Grossman kept his day job with the post office because, he joked, "the postal uniform paid the bills while WLRN paid my ego."

==Night Train==

Grossman's program, Night Train, premiered on WLRN in January 1977. He served as its sole regular host from its debut until his retirement and final broadcast on December 29, 2024. In the late 1970s, it was a three-hour show that aired on Friday nights. In the 1980s, it moved to Sunday nights and expanded to four hours. In later years, it was also simulcast live to the Florida Keys on WLRN's affiliate, WKWM.

"Jazz is an intimate thing, a late-night form. So is radio. Johnny Carson talks to an audience, I talk to you, to one person."
— — Grossman, in an October 1983 interview

In addition to playing the recordings on his show, Grossman supplied anecdotes and authoritative commentary about the bands and performers, including album notes and assorted trivia. He often peppered his show with mentions of the birthdays, deaths, or other anniversaries of jazz notables, past and present.

"As if you’re in my living room and I say to you, ‘Hey, come over here, I want you to listen to this.'"
— — describing his broadcast style, in January 2007

Occasionally, the show featured local or nationally known recording artists or other musicians as in-studio guests, with Grossman playing recordings and quizzing his guest about the identity of the recording's performer(s) or vocalist(s).

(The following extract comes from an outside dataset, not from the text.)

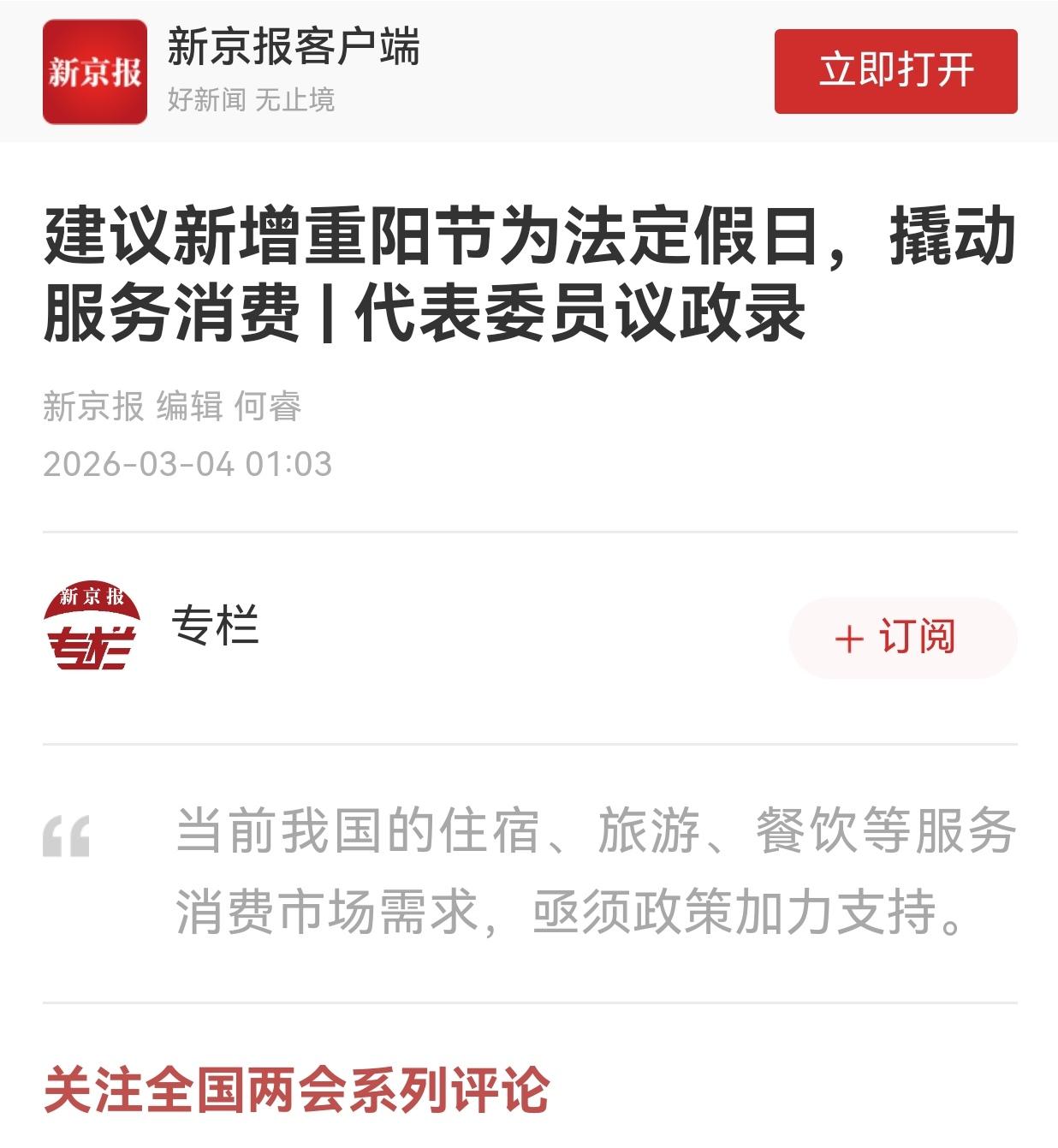 仅有“增加假期”,是否真能“撬动服务消费”? 根据3月4日《新京报》文章消息: 有代表委员提议“新增重阳节为法定假日”“增加下半年假期”等希望通过增加“假期”扩大“服务消费”。 听起来似乎很有道理,让大家通过假期参与假日消费,但是,实际上我们的消费不足真是或者仅仅是因为“缺少假期”“缺少消费时间”吗?

In keeping with the show's locomotive-themed title, Grossman was known for donning a train conductor's striped railroad hat as he broadcast each week. The Miami Herald once described Night Train as a "rambling, rumbling three-hour local service with stops at Big Band, Dixieland, The Blues and Crooner City."

=== Audience ===
A 2024 Radio Online article said:

"Listeners of 'The Night Train' span generations, with older audiences reliving the tunes of their youth and younger fans discovering the allure of vintage sounds. Grossman's approachable delivery and rich narratives transform each episode into a learning experience, akin to a class on musical heritage."

== Personal life ==
Grossman lived in North Miami, Florida. He owned a recording collection numbering in the thousands that he “stopped counting years ago.”

=== Retirement ===
Night Train was pre-empted on December 1, 2024, by a pre-recorded jazz broadcast. In a recorded announcement at the beginning of the program, WLRN informed listeners that the absent Grossman had decided to retire and that he would host one more broadcast, a "farewell" show, on December 29, 2024, only four days shy of what would have been the show's 48th anniversary.

=== Death ===
Grossman died on August 16, 2025 at age 83 following a long bout with cancer. WLRN Radio vice president Peter Maerz remembered Grossman as "a font of knowledge of all things jazz [who] garnered generations of loyal followers. Ted charmed and informed his listeners, week after week, and touched us all with his humor and passion for the music he loved."